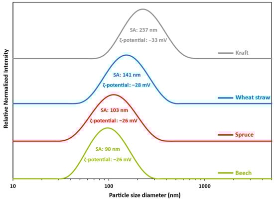The size distribution, average size, and ζ-potential of LNPs suspensions obtained according to the manufacturing process described above were analyzed using a Malvern™ Zetasizer, as shown in Figure 2. Nanosized, monomodal, and size distributions that are quite large were observed in all cases. The mean size of the particles calculated in terms of scattered intensity decreases in the order kraft > wheat straw > spruce > beech lignin. The mean sizes of particles obtained from beech, spruce, and wheat straw are similar, while particles obtained from kraft lignin are much larger (mean size of 198 nm). The results in Figure 2 support the theory that LNPs formation mechanisms are partly driven by lignin chemical structure interactions [,,,] since the chemical compositions of lignin molecules extracted from beech, spruce, and wheat straw have more similarities between them than kraft. This highlights the crucial importance of selecting the appropriate biomass for further processing and application. However, the distribution and mean particle size of beech, spruce, and wheat straw do not fall below the limit value of 45 nm defined by Filon et al. [] with respect to potential skin penetration, providing no restrictions for cosmetic applications. Figure 2 also shows the ζ-potential of the LNPs suspensions. The results revealed a highly negative ζ-potential with respect to all suspensions (−26 to −33 mV), which favors maintaining self-repulsion and electrostatic stability over time. This is confirmed by the very low variation of the particle mean sizes after 90 days of storage at 4 °C (size variation between 3 and 10%).
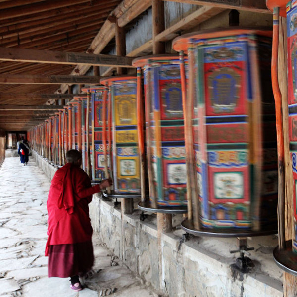在甘肃省甘南藏族自治州拉卜楞寺内,藏民在转经筒。袁纯刚 摄
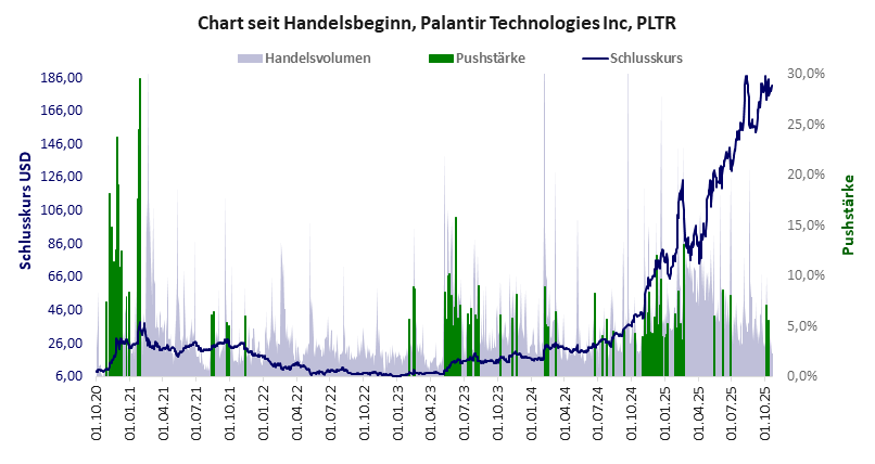 ein erfolgreiches Unternehmen, keine Pusheraktie und dennoch mit gepushtem Kurs und Rücksetzer. Palantir Technologies hat ein mäßiges Gesamtscoring und ist eine teure Aktie mit Kursgewinn. Das Gesamtvermögen ist sehr groß, harte Vermögenswerte scheinen nicht werthaltig zu sein, der Umsatz ist sehr groß, die Ertragslage gut, das Defizit ziemlich hoch.
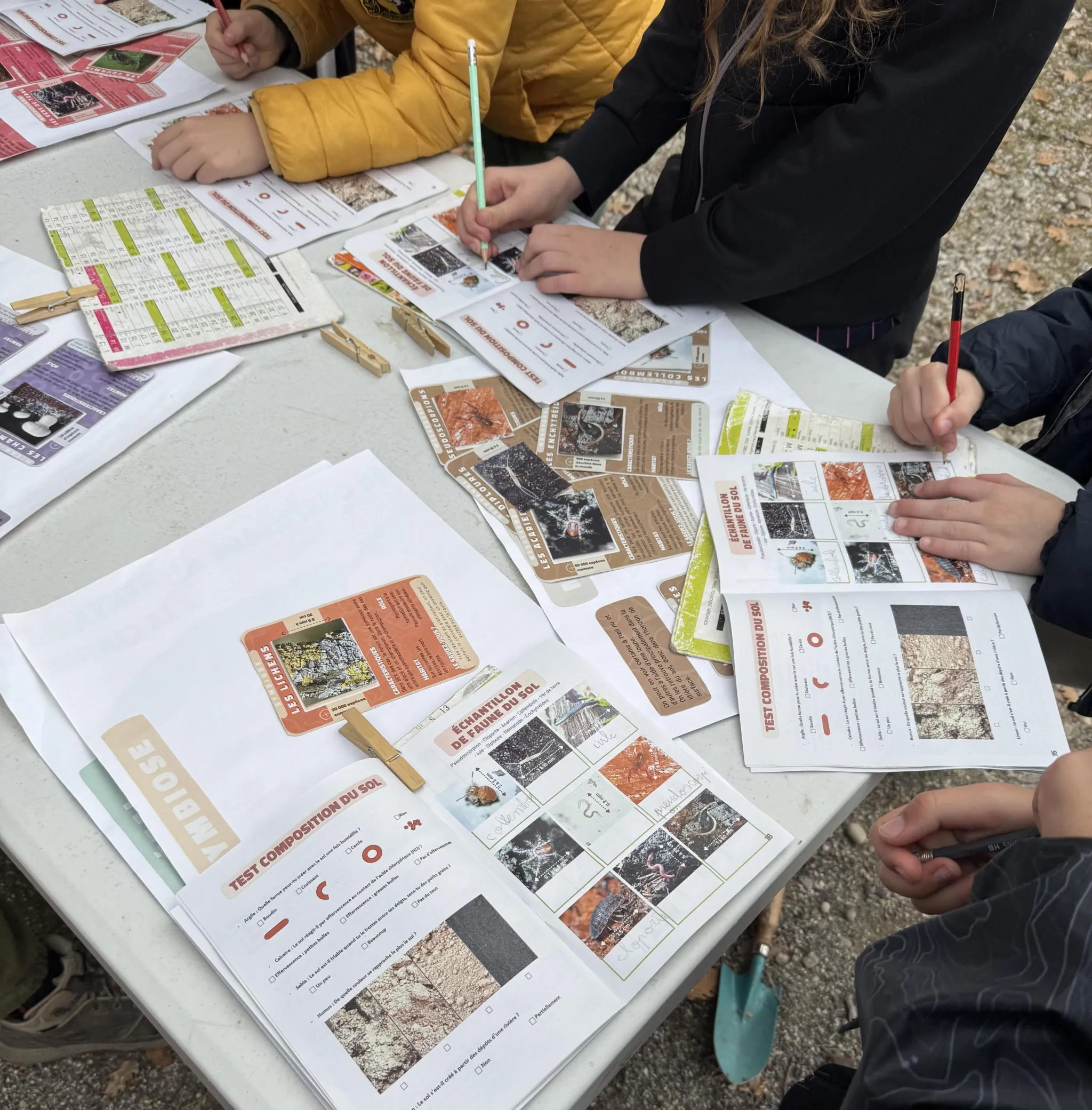 La plupart sont cependant invisibles à l’œil nu, il faut donc les observer avec une loupe binoculaire ou un microscope. Avec un jeu de cartes espèces, les élèves ont pu voir la diversité de la vie dans le sol et la classer en différents groupes.

───

◆ Work order ◆
An exact copy of all the lines above is required, with the pictures removed.

◆ Task result ◆
The size distribution, average size, and ζ-potential of LNPs suspensions obtained according to the manufacturing process described above were analyzed using a Malvern™ Zetasizer, as shown in Figure 2. Nanosized, monomodal, and size distributions that are quite large were observed in all cases. The mean size of the particles calculated in terms of scattered intensity decreases in the order kraft > wheat straw > spruce > beech lignin. The mean sizes of particles obtained from beech, spruce, and wheat straw are similar, while particles obtained from kraft lignin are much larger (mean size of 198 nm). The results in Figure 2 support the theory that LNPs formation mechanisms are partly driven by lignin chemical structure interactions [,,,] since the chemical compositions of lignin molecules extracted from beech, spruce, and wheat straw have more similarities between them than kraft. This highlights the crucial importance of selecting the appropriate biomass for further processing and application. However, the distribution and mean particle size of beech, spruce, and wheat straw do not fall below the limit value of 45 nm defined by Filon et al. [] with respect to potential skin penetration, providing no restrictions for cosmetic applications. Figure 2 also shows the ζ-potential of the LNPs suspensions. The results revealed a highly negative ζ-potential with respect to all suspensions (−26 to −33 mV), which favors maintaining self-repulsion and electrostatic stability over time. This is confirmed by the very low variation of the particle mean sizes after 90 days of storage at 4 °C (size variation between 3 and 10%).
在甘肃省甘南藏族自治州拉卜楞寺内,藏民在转经筒。袁纯刚 摄
 ein erfolgreiches Unternehmen, keine Pusheraktie und dennoch mit gepushtem Kurs und Rücksetzer. Palantir Technologies hat ein mäßiges Gesamtscoring und ist eine teure Aktie mit Kursgewinn. Das Gesamtvermögen ist sehr groß, harte Vermögenswerte scheinen nicht werthaltig zu sein, der Umsatz ist sehr groß, die Ertragslage gut, das Defizit ziemlich hoch.
 La plupart sont cependant invisibles à l’œil nu, il faut donc les observer avec une loupe binoculaire ou un microscope. Avec un jeu de cartes espèces, les élèves ont pu voir la diversité de la vie dans le sol et la classer en différents groupes.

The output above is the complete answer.